§ Exercise brief
Would you retype the whole listing verbatim, keeping pictures out of it?

§ Data block
BEGIN

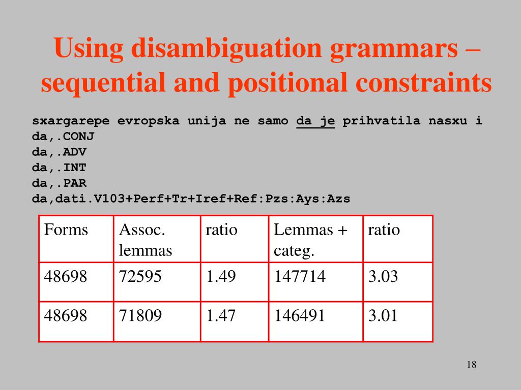 Using disambiguation grammars – sequential and positional constraints sxargarepe evropska unija ne samo da je prihvatila nasxu i da,.CONJ da,.ADV da,.INT da,.PAR da,dati.V103+Perf+Tr+Iref+Ref:Pzs:Ays:Azs
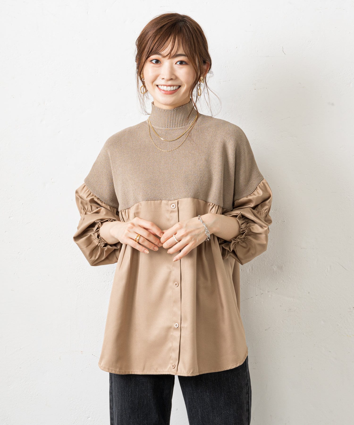 ニットとシャツがドッキングでとてもオシャレなデザインです。
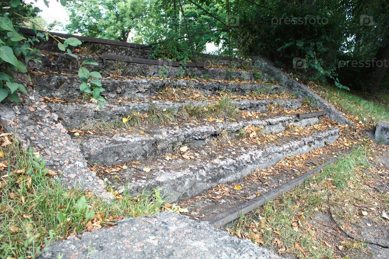 Старая сломанная лестница на городской улице в солнечный летний день

END

§ Exercise solution
 Using disambiguation grammars – sequential and positional constraints sxargarepe evropska unija ne samo da je prihvatila nasxu i da,.CONJ da,.ADV da,.INT da,.PAR da,dati.V103+Perf+Tr+Iref+Ref:Pzs:Ays:Azs
 ニットとシャツがドッキングでとてもオシャレなデザインです。
 Старая сломанная лестница на городской улице в солнечный летний день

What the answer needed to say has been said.